I've written about a number of chemistry packages in the past and all of the computational chemistry that you can do in a Linux environment. But, what is fundamental to chemistry? Why, the elements, of course. So in this article, I focus on how you can learn more about the elements that make up everything around you with Kalzium. KDE's Kalzium is kind of like a periodic table on steroids. Not only does it have information on each of the elements, it also has extra functionality to do other types of calculations.
Kalzium should be available within the package repositories for most distributions. In Debian-based distributions, you can install it with the command:
sudo apt-get install kalzium
When you start it, you get a simplified view of the classical periodic table.
Figure 1. The default view is of the classical ordering of the elements.
You can change this overall view either by clicking the drop-down menu in the top-left side of the window or via the View→Tables menu item. You can select from five different display formats. Clicking one of the elements pops open a new window with detailed information.
Figure 2. Kalzium provides a large number of details for each element.
The default detail pane is an overview of the various physical characteristics of the given element. This includes items like the melting point, electron affinity or atomic mass. Five other information panes also are available. The atom model provides a graphical representation of the electron orbitals around the nucleus of the given atom. The isotopes pane shows a table of values for each of the known isotopes for the selected element, ordered by neutron number. This includes things like the atomic mass or the half-life for radioactive isotopes. The miscellaneous detail pane includes some of the extra facts and trivia that might be of interest. The spectrum detail pane shows the emission and absorption spectra, both as a graphical display and a table of values. The last detail pane provides a list of external links where you can learn more about the selected element. This includes links to Wikipedia, the Jefferson Lab and the Webelements sites.
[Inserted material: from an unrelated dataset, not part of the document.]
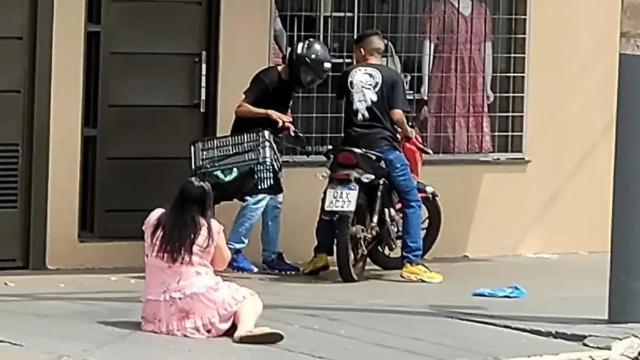 Ao tentarem remover um caixote de entrega da moto, ela cai no chão. Nesse momento, uma mulher sai da loja e um dos assaltantes aponta uma arma para ela. O filho dela surge por trás, empurra-a e ela cai no chão, suplicando para que o veículo não seja roubado.

Figure 3. For those elements that are stable enough, you even can see the emission and absorption spectra.
Clicking Tools→Isotope Table pops up a new window with a display of all of the known isotopes.
Figure 4. You can get information about all of the known isotopes through an intuitive interface.
Within this window, you can use your mouse to navigate around. The mouse wheel zooms you in and out to a section of the display. You can click and drag the view port to different sections of the isotope display. Once you find the isotope you're interested in, right-click on the given square to see more details on the left-hand side of the window. Here, you can find out about the number of nucleons, the half-life if the isotope is unstable, as well as the relative abundance. For those isotopes that are unstable, the display is color-coded based on the type of radiation that the radioactive element emits.
Clicking Tools→Plot Data opens yet another new window where you can select various characteristics of the elements and plot them. This is helpful for those who process information better visually. You can select from atomic number, atomic mass, electro negativity, melting point, boiling point, atomic radius or covalent radius as the potential data sources. You then can select which elements you want to be plotted.
Figure 5. For those who are more visual, you easily can plot relationships between various characteristics of the elements.
Kalzium is also handy for new chemistry students. It includes a glossary and a table of definitions. The glossary explains terms relevant to both knowledge and tools.
Figure 6. If you are new to chemistry, you can use the glossary to learn more about the domain-specific jargon you're likely to encounter.
One slightly odd thing I noticed was that I had to double-click the label in the left-hand pane in order to have the contents actually be displayed in the right-hand pane. If you are particularly new to science, you may not know Greek symbols or size prefixes for numbers. If that's the case, click Tools→Tables. This way, you easily can get reminders about what a hectometer, for instance, works out to be.
The last section I want to look at is the group of calculators Kalzium provides. Click Tools→Perform Calculations to open a new window. You can do calculations on molecular mass, concentration, nuclear information, gas information, titration or equation balancing. In the molecular mass calculator, you can enter a chemical formula and have it calculate the total molecular mass.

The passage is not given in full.